Your reply should contain the whole listing below, repeated exactly, and no images.

Provided entries =
Segment Open
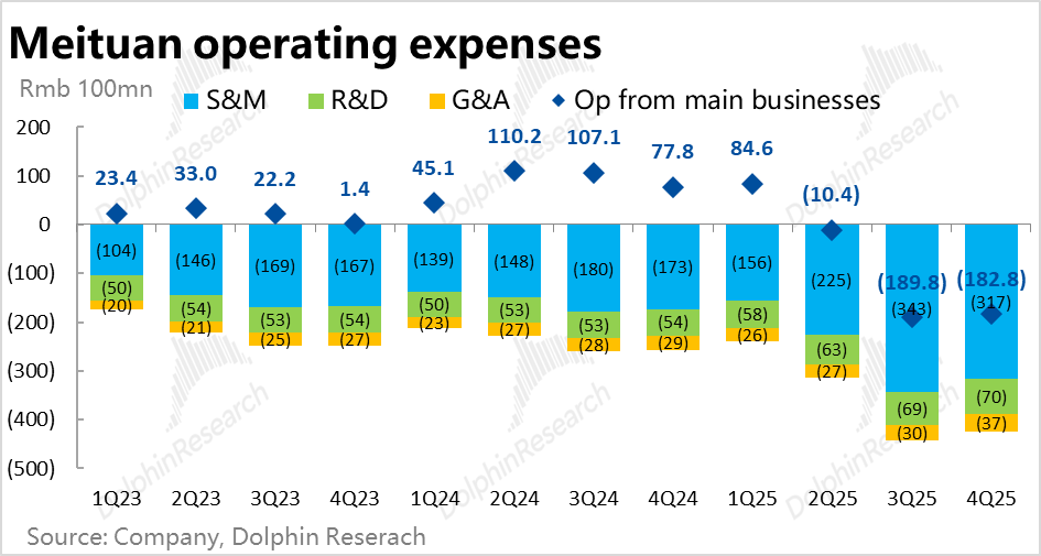 本季毛利率仅为26.2%,在外卖(配送)补贴影响收窄的情况下,依然环比下滑了约0.2pct,当然也有冬季的季节性影响。导致毛利润同比下降近28%,跌幅还是比较高,明显不及市场预期。
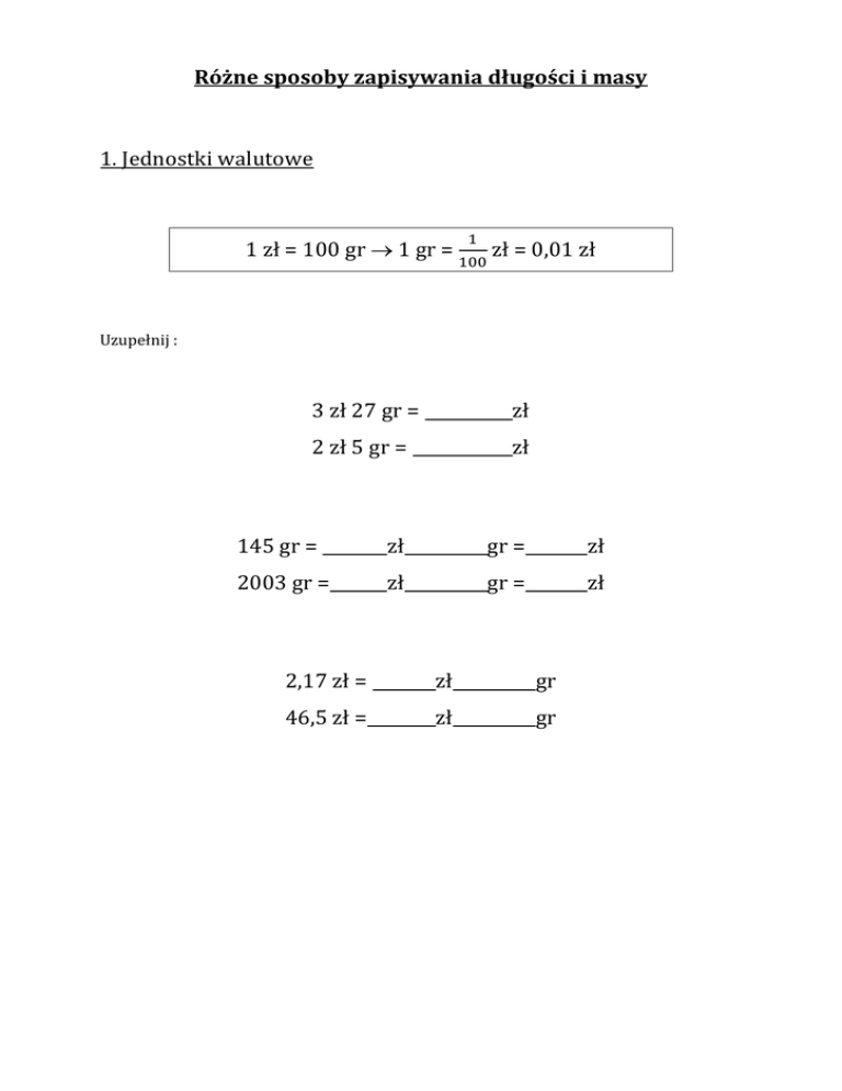 Różne sposoby zapisywania długości i masy 1. Jednostki walutowe 1 zł = 100 gr → 1 gr = zł = 0,01 zł Uzupełnij : 3 zł 27 gr = zł 2 zł 5 gr = zł 145 gr = zł gr = zł 2003 gr = zł gr = zł 2,17 zł = zł gr 46,5 zł = zł gr 2. Jednostki długości 1 cm = 10 mm → 1 mm = cm = 0,1 cm 1 dm = 10 cm → 1 cm = dm = 0,1 dm 1 m = 100 cm → 1 cm = m = 0,01 m 1 m = 10 dm → 1 dm = 1 km = 1000 m → 1 m = m = 0,1 m km = 0,001 km Uzupełnij : 5 cm 2 mm = cm 10 dm 3 cm = dm 5 m 2 dm = m 4 m 6 cm = m 6 km 20 m = km 17 mm = cm 22 mm = m 13 dm = m 1125 m = km 18,5 cm = cm mm 8,6 dm = dm cm 12,07 m = m cm 39,2 m = m cm 3,8 km = km m 3. Jednostki masy 1 dag = 10 g → 1 g = dag = 0,1 dag 1 kg = 100 dag → 1 dag = 1 kg = 1000 g → 1 g = kg = 0,01 kg kg = 0,001 kg 1 t = 1000 kg → 1 kg = t = 0,001 t Uzupełnij : 3 dag 7 g = dag kg 15 kg 35 dag = 12 kg 25 g = kg 4 t 300 kg = t 25 g = dag 105 g = kg 225 kg = 12,3 dag = 5,03 kg = t dag kg g dag 18,1 kg = kg g 3,21 t = t kg
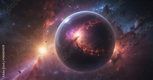Ethereal orb, cosmic dust swirls, nebula backdrop, glowing, radiant, design
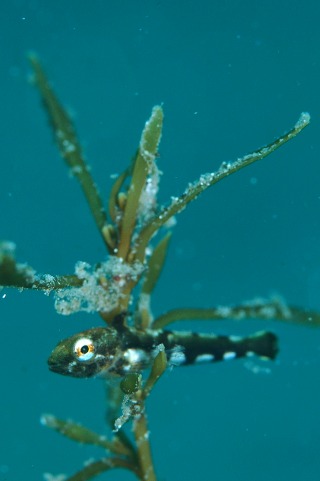 浅場ではエゾイソアイナメや画像のアナハゼの赤ちゃんが海藻に揺られてゆりかごで遊んでいるようです。タツノイトコやマツカサウオの幼魚などもいつもいる場所に居てくれました。砂地がだんだんおもしろくなってきましたねー!!
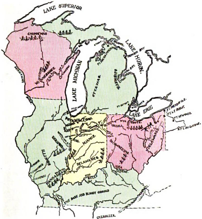 Over this territory, and to gain control of these tribes, England and France had waged a long and bitter conflict, and the gage of battle had been the monopoly of the fur trade. The welfare of the savages was regarded but little; they were the pawns in the game. The great end to be acquired was the disposal of their rich peltries. No country was more easily accessible to the early voyageurs and French fur traders. It was bounded on the north and northeast by the chain of the Great Lakes, on the south by the Ohio, and on the west by the Mississippi. The heads of the rivers and streams that flowed into these great watercourses and lakes were connected by short portages, so that the Indian trapper or hunter could carry his canoe for a few miles and pass from the waters that led to Lake Michigan or Lake Erie, into the streams that fed the Mississippi or the Ohio. The headwaters of the Muskingum and its tributaries interlocked with those of the Cuyahoga; the headwaters of the Scioto with those of the Sandusky; the headwaters of the Great Miami with those of the Wabash and the St. Marys. In northern Indiana another remarkable system of portages appeared. The canoes of the traders were carried some eight or ten miles from the little Wabash to the Maumee, placing the command of the whole Wabash country in the hands of the Detroit merchants. The sources of the Tippecanoe were connected by portages with the waters of the St. Joseph of Lake Michigan, and a like connection existed between the waters of the Tippecanoe and the [Pg 9]waters of the Kankakee. These portages were, as General Harrison observes, "much used by the Indians and sometimes by traders." LaSalle passed from Lake Michigan to the waters of the St. Joseph, thence up that river to a portage of three miles in what is now St. Joseph county, Indiana, thence by said portage to the headwaters of the Kankakee, and down that river to the Illinois. At the post of Chicago the traders crossed from Lake Michigan by a very short portage into the headwaters of the Illinois, and General Harrison says that in the spring, the boats with their loading "passed freely from one to the other." In Michigan the heads of the streams that flowed into Lake Huron interlocked with the heads of those that went down to Lake Michigan. In Wisconsin, the voyageurs passed from Green bay up the Fox river to Lake Winnebago, thence by the Fox again to the portage between the Fox and Wisconsin, thence down the Wisconsin river to the Mississippi. Through this important channel of trade passed nine-tenths of the goods that supplied the Indians above the Illinois river and those in upper Louisiana.
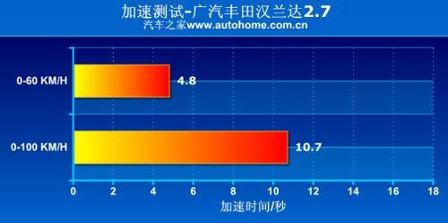 對于這款超過1.8噸的車輛來說,漢蘭達排量為2.7升的發動機表現基本滿足正常需要,只要舍得踩下油門,變可發揮出0-100Km/h的加速時間為10.7秒的成績,41.7米的剎車成績對于SUV車型來說還是不錯的。漢蘭達搭載的是一臺6速手自一體自動變速箱,日常駕駛中的換擋平順性也令人滿意。
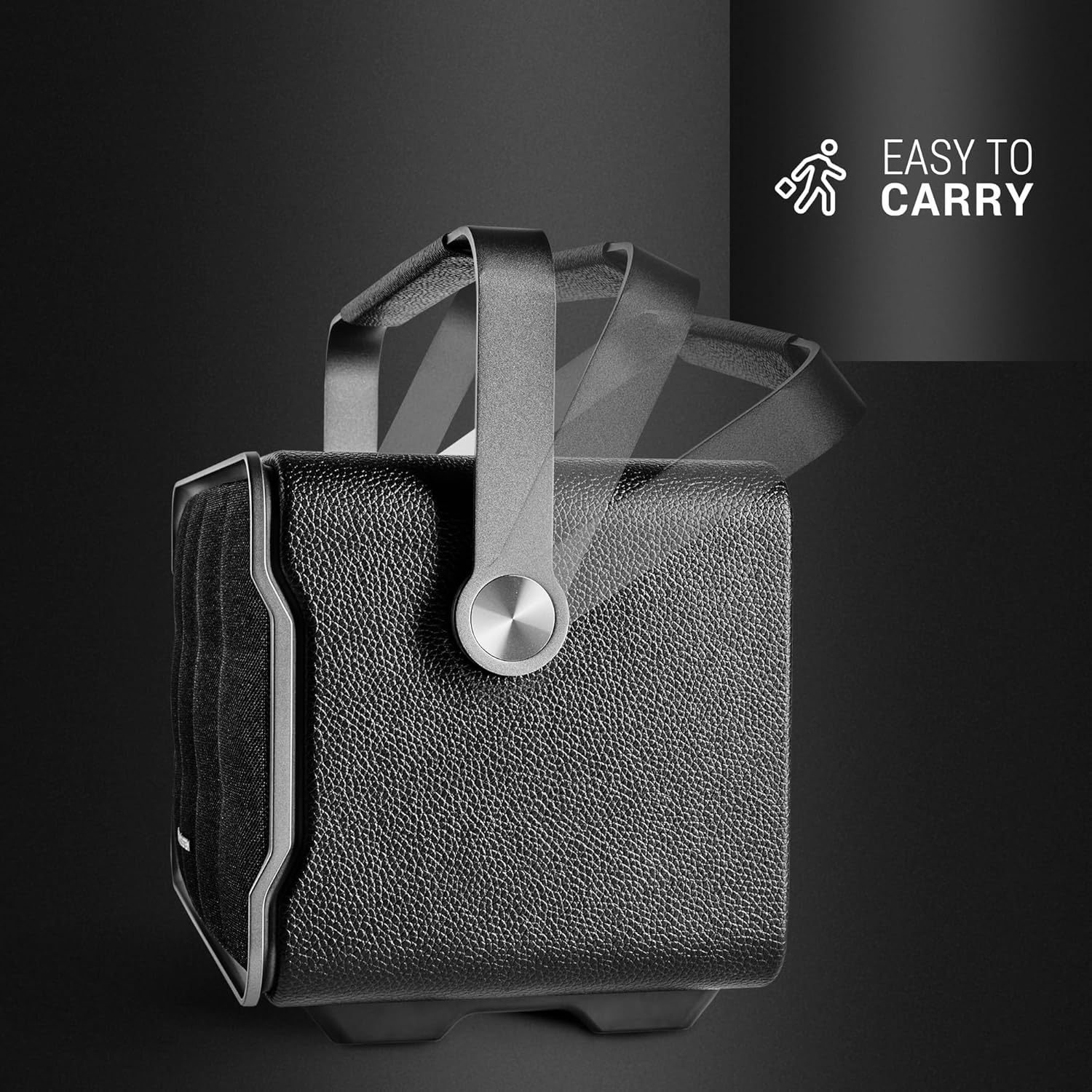 Retro design Bluetooth speaker with 150W power, sound equalizer and up to 10 hours runtime. Get the most out of your music with the extra bass button and take it with you wherever you go thanks to the folding handle.
Segment Closed
Task answer =
 本季毛利率仅为26.2%,在外卖(配送)补贴影响收窄的情况下,依然环比下滑了约0.2pct,当然也有冬季的季节性影响。导致毛利润同比下降近28%,跌幅还是比较高,明显不及市场预期。
 Różne sposoby zapisywania długości i masy 1. Jednostki walutowe 1 zł = 100 gr → 1 gr = zł = 0,01 zł Uzupełnij : 3 zł 27 gr = zł 2 zł 5 gr = zł 145 gr = zł gr = zł 2003 gr = zł gr = zł 2,17 zł = zł gr 46,5 zł = zł gr 2. Jednostki długości 1 cm = 10 mm → 1 mm = cm = 0,1 cm 1 dm = 10 cm → 1 cm = dm = 0,1 dm 1 m = 100 cm → 1 cm = m = 0,01 m 1 m = 10 dm → 1 dm = 1 km = 1000 m → 1 m = m = 0,1 m km = 0,001 km Uzupełnij : 5 cm 2 mm = cm 10 dm 3 cm = dm 5 m 2 dm = m 4 m 6 cm = m 6 km 20 m = km 17 mm = cm 22 mm = m 13 dm = m 1125 m = km 18,5 cm = cm mm 8,6 dm = dm cm 12,07 m = m cm 39,2 m = m cm 3,8 km = km m 3. Jednostki masy 1 dag = 10 g → 1 g = dag = 0,1 dag 1 kg = 100 dag → 1 dag = 1 kg = 1000 g → 1 g = kg = 0,01 kg kg = 0,001 kg 1 t = 1000 kg → 1 kg = t = 0,001 t Uzupełnij : 3 dag 7 g = dag kg 15 kg 35 dag = 12 kg 25 g = kg 4 t 300 kg = t 25 g = dag 105 g = kg 225 kg = 12,3 dag = 5,03 kg = t dag kg g dag 18,1 kg = kg g 3,21 t = t kg
Ethereal orb, cosmic dust swirls, nebula backdrop, glowing, radiant, design
 浅場ではエゾイソアイナメや画像のアナハゼの赤ちゃんが海藻に揺られてゆりかごで遊んでいるようです。タツノイトコやマツカサウオの幼魚などもいつもいる場所に居てくれました。砂地がだんだんおもしろくなってきましたねー!!
 Over this territory, and to gain control of these tribes, England and France had waged a long and bitter conflict, and the gage of battle had been the monopoly of the fur trade. The welfare of the savages was regarded but little; they were the pawns in the game. The great end to be acquired was the disposal of their rich peltries. No country was more easily accessible to the early voyageurs and French fur traders. It was bounded on the north and northeast by the chain of the Great Lakes, on the south by the Ohio, and on the west by the Mississippi. The heads of the rivers and streams that flowed into these great watercourses and lakes were connected by short portages, so that the Indian trapper or hunter could carry his canoe for a few miles and pass from the waters that led to Lake Michigan or Lake Erie, into the streams that fed the Mississippi or the Ohio. The headwaters of the Muskingum and its tributaries interlocked with those of the Cuyahoga; the headwaters of the Scioto with those of the Sandusky; the headwaters of the Great Miami with those of the Wabash and the St. Marys. In northern Indiana another remarkable system of portages appeared. The canoes of the traders were carried some eight or ten miles from the little Wabash to the Maumee, placing the command of the whole Wabash country in the hands of the Detroit merchants. The sources of the Tippecanoe were connected by portages with the waters of the St. Joseph of Lake Michigan, and a like connection existed between the waters of the Tippecanoe and the [Pg 9]waters of the Kankakee. These portages were, as General Harrison observes, "much used by the Indians and sometimes by traders." LaSalle passed from Lake Michigan to the waters of the St. Joseph, thence up that river to a portage of three miles in what is now St. Joseph county, Indiana, thence by said portage to the headwaters of the Kankakee, and down that river to the Illinois. At the post of Chicago the traders crossed from Lake Michigan by a very short portage into the headwaters of the Illinois, and General Harrison says that in the spring, the boats with their loading "passed freely from one to the other." In Michigan the heads of the streams that flowed into Lake Huron interlocked with the heads of those that went down to Lake Michigan. In Wisconsin, the voyageurs passed from Green bay up the Fox river to Lake Winnebago, thence by the Fox again to the portage between the Fox and Wisconsin, thence down the Wisconsin river to the Mississippi. Through this important channel of trade passed nine-tenths of the goods that supplied the Indians above the Illinois river and those in upper Louisiana.
 對于這款超過1.8噸的車輛來說,漢蘭達排量為2.7升的發動機表現基本滿足正常需要,只要舍得踩下油門,變可發揮出0-100Km/h的加速時間為10.7秒的成績,41.7米的剎車成績對于SUV車型來說還是不錯的。漢蘭達搭載的是一臺6速手自一體自動變速箱,日常駕駛中的換擋平順性也令人滿意。
 Retro design Bluetooth speaker with 150W power, sound equalizer and up to 10 hours runtime. Get the most out of your music with the extra bass button and take it with you wherever you go thanks to the folding handle.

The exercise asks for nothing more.